Oxygen Administration: Prepares laypersons and professional rescuers with the knowledge and skills needed to know when and how to use supplemental oxygen and breathing devices.

For more information, see the American Red Cross website.

Incident Safety Officer - Fire Suppression Certification: A fire department incident safety officer's mission is to promote safety standards and practices in the fire, rescue and emergency services community.

For more information, see the Fire Department Safety Officers Association website.

Health & Safety Officer Certification: Standard on Fire Department Occupational Safety and Health Programs.

For more information, see the Fire Department Safety Officers Association website.

Special Hazards Suppression Systems: This certification program is designed for engineering technicians engaged in the detailing and layout and/or installation and maintenance related to special hazards suppression systems.

For more information, see the National Institute for Certification in Engineering Technologies website.

LOCATION INFORMATION: Reno, Nevada

Reno, Nevada
Reno, Nevada photo by Smooth_O

Reno is situated in Washoe County, Nevada. It has a population of over 217,016, which has grown by 20.2% over the last ten years. The cost of living index in Reno, 93, is below the national average. New single-family homes in Reno are priced at $202,100 on average, which is well above the state average. In 2008, six hundred thirty-seven new homes were built in Reno, down from nine hundred ninety-seven the previous year.

The three big industries for women in Reno are arts, entertainment, and recreation, health care, and accommodation and food services. For men, it is arts, entertainment, and recreation, construction, and accommodation and food services. The average commute to work is about 18 minutes. More than 25.0% of Reno residents have a bachelor's degree, which is higher than the state average. The percentage of residents with a graduate degree, 8.4%, is higher than the state average.
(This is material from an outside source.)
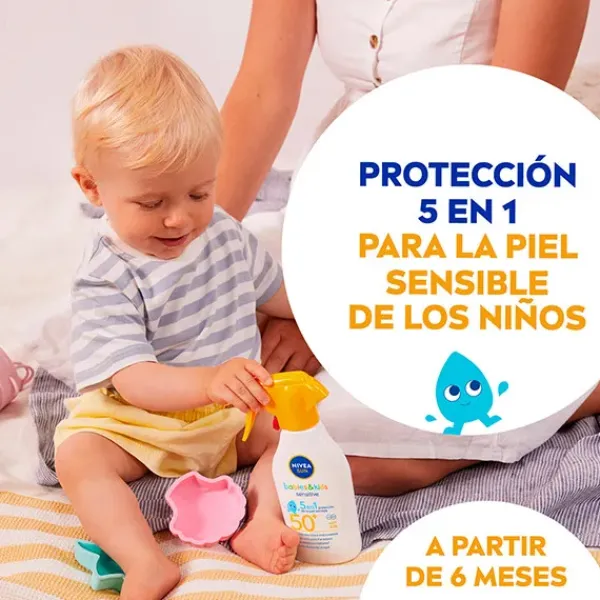 NIVEA SUN Babies & Kids Sensitive Spray Solar FP50+ proporciona una protección UVA/UVB inmediata y altamente eficaz contra las quemaduras solares y daños en la piel a largo plazo, reduciendo el riesgo de alergias solares. Su fórmula con camomila orgánica y sin perfume, desarrollada para bebés y niños con piel sensible, es extra resistente al agua y adecuada para piel atópica o propensa al eczema. Compatibilidad con la piel aprobada por pediatras.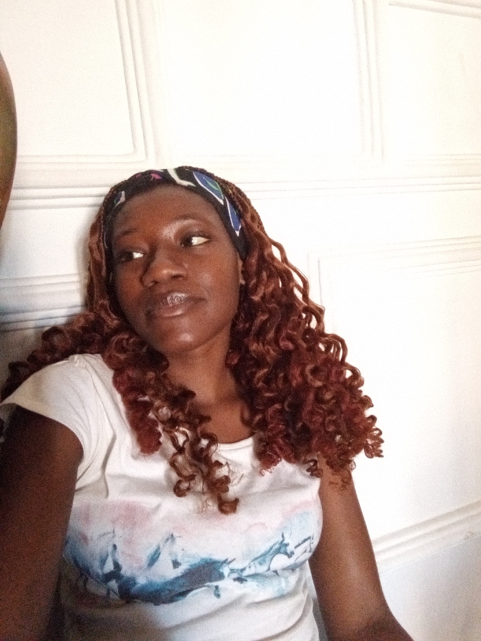 - "An adult individual with dark skin and long, reddish-brown curly hair is depicted in a medium close-up, situated indoors against a white paneled wall" by FM-qi6h23, licensed under CC BY 4.0

The unemployment rate in Reno is 11.8%, which is less than Nevada's average of 12.6%.

The percentage of Reno residents that are affiliated with a religious congregation, 27.9%, is less than both the national and state average. The most common religious groups are the Catholic Church, the LDS (Mormon) Church and the Southern Baptist Convention.

Reno is home to the Short Ranch and the Keystone Square as well as Wilkinson Park and Paradise Park. Shopping centers in the area include Miraloma Park Shopping Center, Village Shopping Center and University Village East Shopping Center. Visitors to Reno can choose from Oxford Motel, Atlantis Casino Resort and Wayside Motel & Apartments for temporary stays in the area.